## What the exercise asks
Return all the entries word for word, minus the pictures.

──────── Extracted records

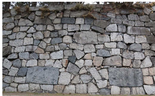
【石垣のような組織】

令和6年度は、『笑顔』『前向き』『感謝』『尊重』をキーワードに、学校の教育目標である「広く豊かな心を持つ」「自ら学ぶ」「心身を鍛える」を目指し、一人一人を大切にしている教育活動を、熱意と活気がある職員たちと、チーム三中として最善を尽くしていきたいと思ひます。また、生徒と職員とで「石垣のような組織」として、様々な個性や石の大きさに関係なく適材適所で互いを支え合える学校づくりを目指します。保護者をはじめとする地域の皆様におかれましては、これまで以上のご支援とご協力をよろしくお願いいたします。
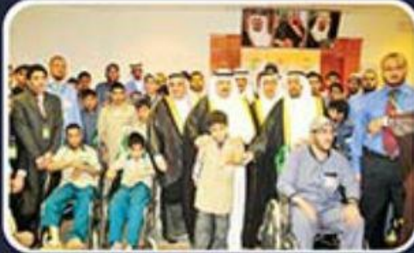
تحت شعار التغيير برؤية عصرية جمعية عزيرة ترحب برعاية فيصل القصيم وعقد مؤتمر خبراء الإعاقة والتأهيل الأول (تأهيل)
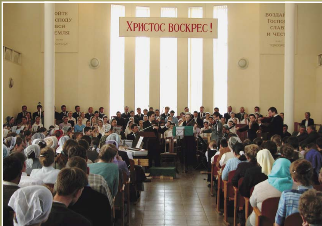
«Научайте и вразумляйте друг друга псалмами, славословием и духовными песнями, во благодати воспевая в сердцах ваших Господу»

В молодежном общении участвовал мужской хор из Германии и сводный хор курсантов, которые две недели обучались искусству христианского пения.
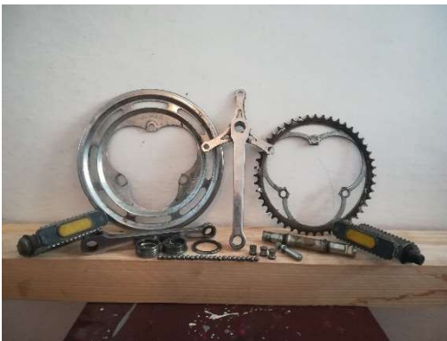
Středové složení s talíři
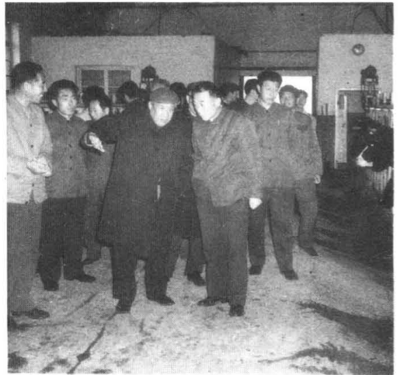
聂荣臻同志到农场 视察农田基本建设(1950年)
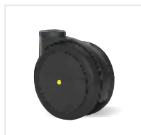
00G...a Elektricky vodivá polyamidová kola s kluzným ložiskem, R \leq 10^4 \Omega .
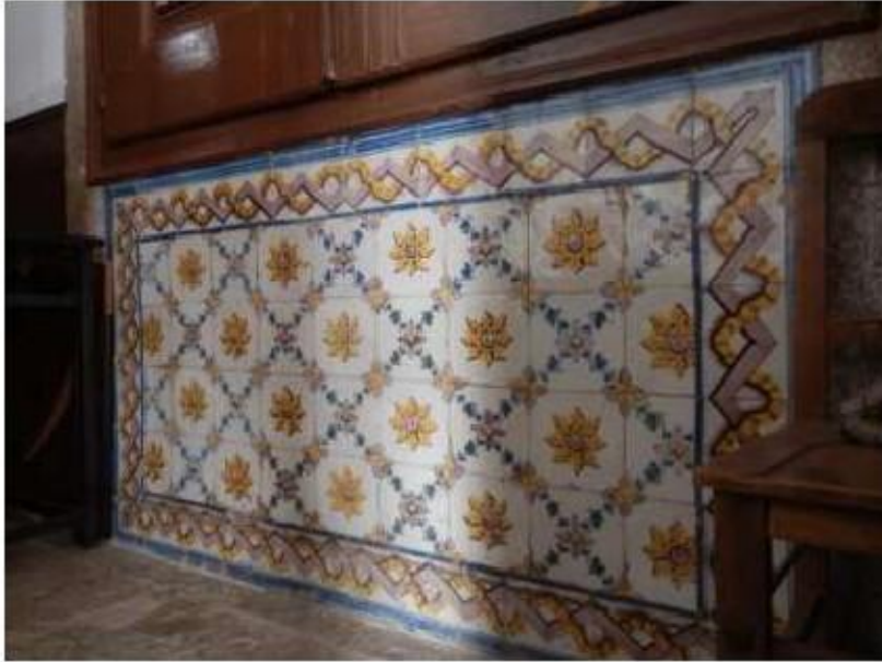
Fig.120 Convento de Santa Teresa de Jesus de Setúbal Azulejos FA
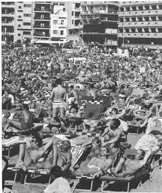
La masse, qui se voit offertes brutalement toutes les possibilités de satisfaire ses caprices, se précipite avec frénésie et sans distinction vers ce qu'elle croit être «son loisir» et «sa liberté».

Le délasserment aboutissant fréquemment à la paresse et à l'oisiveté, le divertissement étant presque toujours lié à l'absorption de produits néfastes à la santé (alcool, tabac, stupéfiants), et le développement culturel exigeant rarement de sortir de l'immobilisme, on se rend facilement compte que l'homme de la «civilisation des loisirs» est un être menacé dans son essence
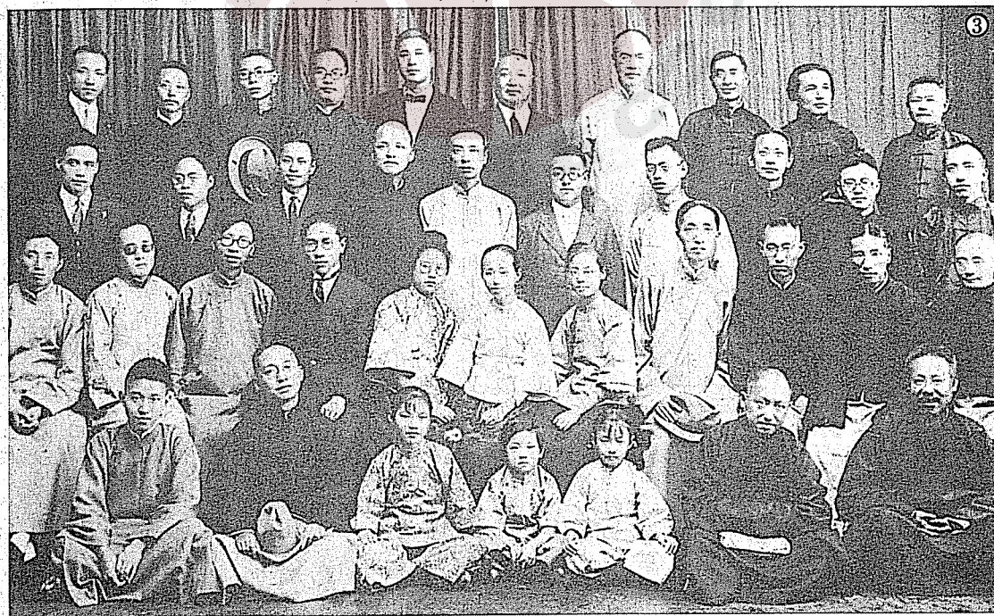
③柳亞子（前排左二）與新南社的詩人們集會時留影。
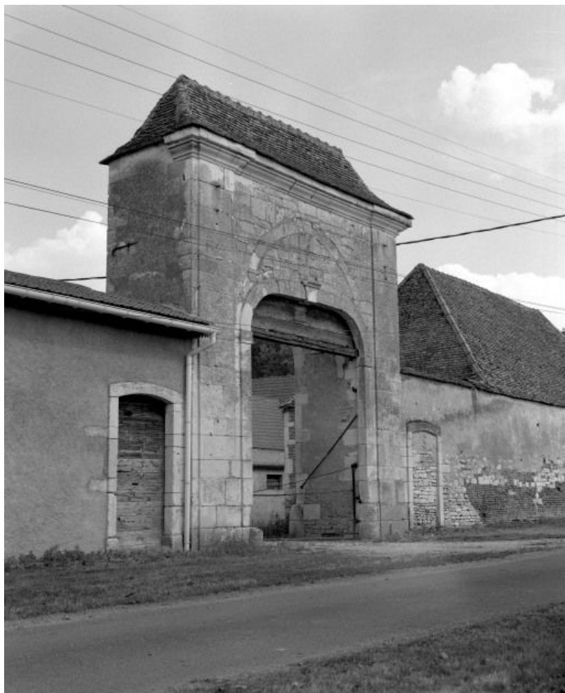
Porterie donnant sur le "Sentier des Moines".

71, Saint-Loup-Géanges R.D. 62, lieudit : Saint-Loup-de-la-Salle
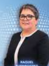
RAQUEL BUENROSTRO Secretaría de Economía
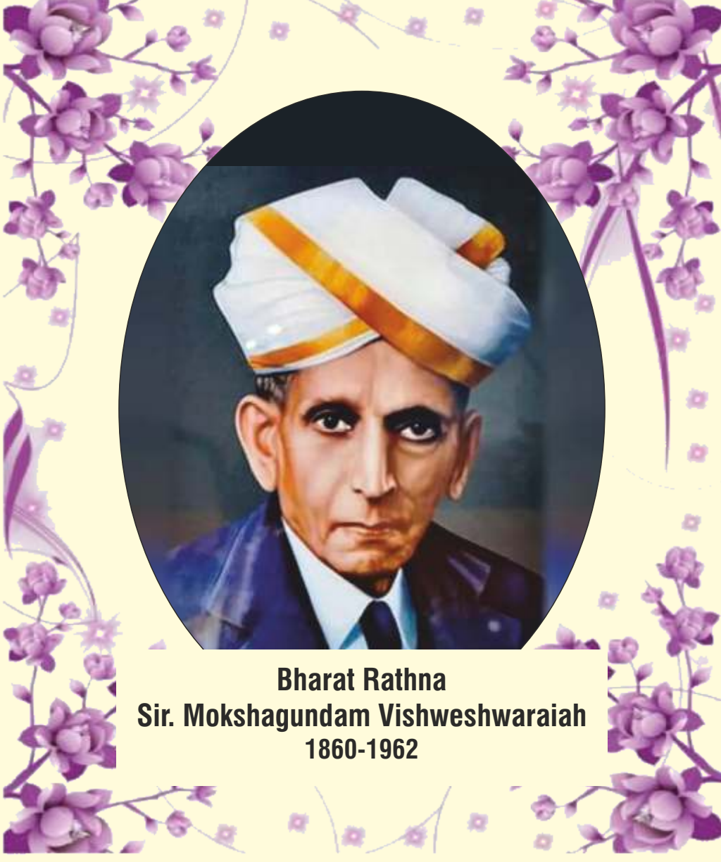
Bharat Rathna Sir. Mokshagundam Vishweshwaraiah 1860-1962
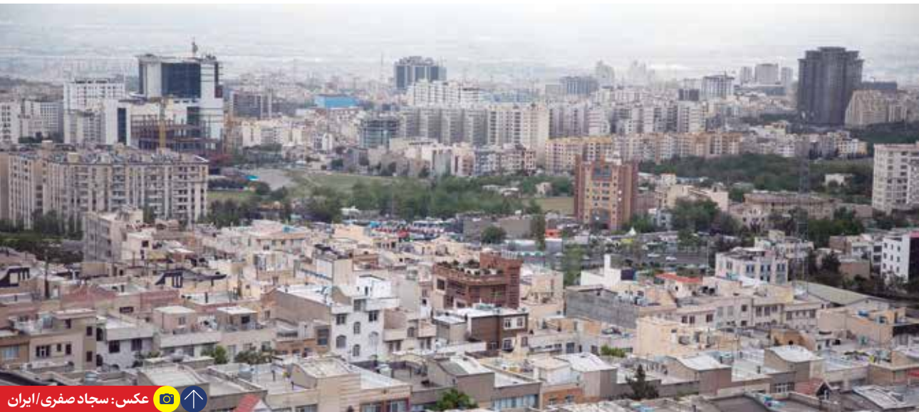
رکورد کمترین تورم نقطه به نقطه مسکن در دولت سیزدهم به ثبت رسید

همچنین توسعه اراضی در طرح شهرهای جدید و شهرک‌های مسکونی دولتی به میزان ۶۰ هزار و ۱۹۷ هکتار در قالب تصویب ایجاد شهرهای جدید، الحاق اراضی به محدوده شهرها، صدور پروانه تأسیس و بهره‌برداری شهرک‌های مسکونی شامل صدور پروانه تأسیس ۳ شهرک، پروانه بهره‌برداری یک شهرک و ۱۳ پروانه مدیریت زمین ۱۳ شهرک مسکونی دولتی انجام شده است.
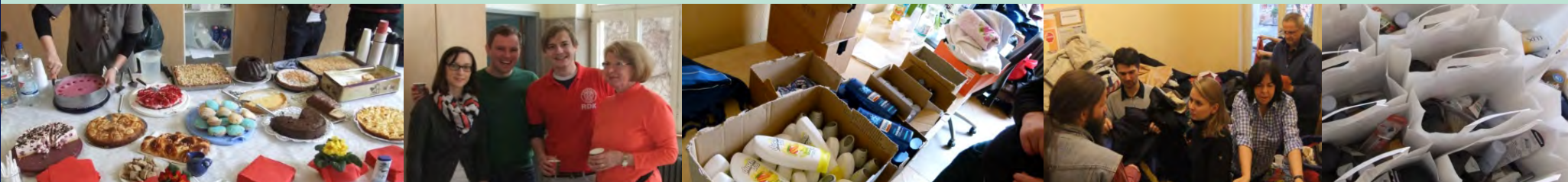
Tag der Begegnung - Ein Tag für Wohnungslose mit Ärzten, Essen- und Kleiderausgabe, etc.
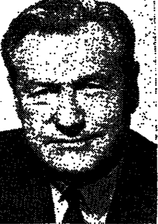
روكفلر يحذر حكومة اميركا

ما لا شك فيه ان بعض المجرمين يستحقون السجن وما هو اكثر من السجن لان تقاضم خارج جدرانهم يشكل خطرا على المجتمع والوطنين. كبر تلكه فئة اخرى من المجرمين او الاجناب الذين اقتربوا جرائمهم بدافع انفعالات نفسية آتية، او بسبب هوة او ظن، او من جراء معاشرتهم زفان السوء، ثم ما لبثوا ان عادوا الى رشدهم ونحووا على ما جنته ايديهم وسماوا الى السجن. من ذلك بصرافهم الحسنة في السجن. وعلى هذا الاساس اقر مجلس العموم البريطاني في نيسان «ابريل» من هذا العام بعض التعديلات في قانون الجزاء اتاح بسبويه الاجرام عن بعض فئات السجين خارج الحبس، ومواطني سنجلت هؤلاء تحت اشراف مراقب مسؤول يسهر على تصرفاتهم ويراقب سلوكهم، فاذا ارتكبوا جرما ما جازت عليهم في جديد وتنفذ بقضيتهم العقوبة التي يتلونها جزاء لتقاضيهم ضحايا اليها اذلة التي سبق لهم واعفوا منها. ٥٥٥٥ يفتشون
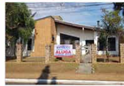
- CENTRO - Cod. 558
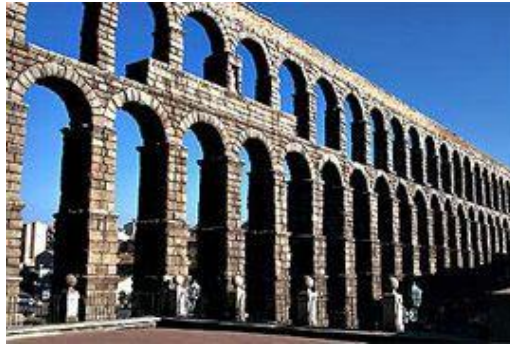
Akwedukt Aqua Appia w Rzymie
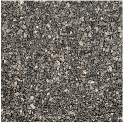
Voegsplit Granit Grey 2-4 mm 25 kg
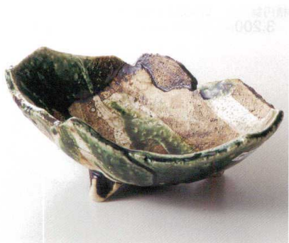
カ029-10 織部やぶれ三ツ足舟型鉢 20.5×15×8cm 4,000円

────────────────

## Answer box
【石垣のような組織】

令和6年度は、『笑顔』『前向き』『感謝』『尊重』をキーワードに、学校の教育目標である「広く豊かな心を持つ」「自ら学ぶ」「心身を鍛える」を目指し、一人一人を大切にしている教育活動を、熱意と活気がある職員たちと、チーム三中として最善を尽くしていきたいと思ひます。また、生徒と職員とで「石垣のような組織」として、様々な個性や石の大きさに関係なく適材適所で互いを支え合える学校づくりを目指します。保護者をはじめとする地域の皆様におかれましては、これまで以上のご支援とご協力をよろしくお願いいたします。
تحت شعار التغيير برؤية عصرية جمعية عزيرة ترحب برعاية فيصل القصيم وعقد مؤتمر خبراء الإعاقة والتأهيل الأول (تأهيل)
«Научайте и вразумляйте друг друга псалмами, славословием и духовными песнями, во благодати воспевая в сердцах ваших Господу»

В молодежном общении участвовал мужской хор из Германии и сводный хор курсантов, которые две недели обучались искусству христианского пения.
Středové složení s talíři
聂荣臻同志到农场 视察农田基本建设(1950年)
00G...a Elektricky vodivá polyamidová kola s kluzným ložiskem, R \leq 10^4 \Omega .
Fig.120 Convento de Santa Teresa de Jesus de Setúbal Azulejos FA
La masse, qui se voit offertes brutalement toutes les possibilités de satisfaire ses caprices, se précipite avec frénésie et sans distinction vers ce qu'elle croit être «son loisir» et «sa liberté».

Le délasserment aboutissant fréquemment à la paresse et à l'oisiveté, le divertissement étant presque toujours lié à l'absorption de produits néfastes à la santé (alcool, tabac, stupéfiants), et le développement culturel exigeant rarement de sortir de l'immobilisme, on se rend facilement compte que l'homme de la «civilisation des loisirs» est un être menacé dans son essence
③柳亞子（前排左二）與新南社的詩人們集會時留影。
Porterie donnant sur le "Sentier des Moines".

71, Saint-Loup-Géanges R.D. 62, lieudit : Saint-Loup-de-la-Salle
RAQUEL BUENROSTRO Secretaría de Economía
Bharat Rathna Sir. Mokshagundam Vishweshwaraiah 1860-1962
رکورد کمترین تورم نقطه به نقطه مسکن در دولت سیزدهم به ثبت رسید

همچنین توسعه اراضی در طرح شهرهای جدید و شهرک‌های مسکونی دولتی به میزان ۶۰ هزار و ۱۹۷ هکتار در قالب تصویب ایجاد شهرهای جدید، الحاق اراضی به محدوده شهرها، صدور پروانه تأسیس و بهره‌برداری شهرک‌های مسکونی شامل صدور پروانه تأسیس ۳ شهرک، پروانه بهره‌برداری یک شهرک و ۱۳ پروانه مدیریت زمین ۱۳ شهرک مسکونی دولتی انجام شده است.
Tag der Begegnung - Ein Tag für Wohnungslose mit Ärzten, Essen- und Kleiderausgabe, etc.
روكفلر يحذر حكومة اميركا

ما لا شك فيه ان بعض المجرمين يستحقون السجن وما هو اكثر من السجن لان تقاضم خارج جدرانهم يشكل خطرا على المجتمع والوطنين. كبر تلكه فئة اخرى من المجرمين او الاجناب الذين اقتربوا جرائمهم بدافع انفعالات نفسية آتية، او بسبب هوة او ظن، او من جراء معاشرتهم زفان السوء، ثم ما لبثوا ان عادوا الى رشدهم ونحووا على ما جنته ايديهم وسماوا الى السجن. من ذلك بصرافهم الحسنة في السجن. وعلى هذا الاساس اقر مجلس العموم البريطاني في نيسان «ابريل» من هذا العام بعض التعديلات في قانون الجزاء اتاح بسبويه الاجرام عن بعض فئات السجين خارج الحبس، ومواطني سنجلت هؤلاء تحت اشراف مراقب مسؤول يسهر على تصرفاتهم ويراقب سلوكهم، فاذا ارتكبوا جرما ما جازت عليهم في جديد وتنفذ بقضيتهم العقوبة التي يتلونها جزاء لتقاضيهم ضحايا اليها اذلة التي سبق لهم واعفوا منها. ٥٥٥٥ يفتشون
- CENTRO - Cod. 558
Akwedukt Aqua Appia w Rzymie
Voegsplit Granit Grey 2-4 mm 25 kg
カ029-10 織部やぶれ三ツ足舟型鉢 20.5×15×8cm 4,000円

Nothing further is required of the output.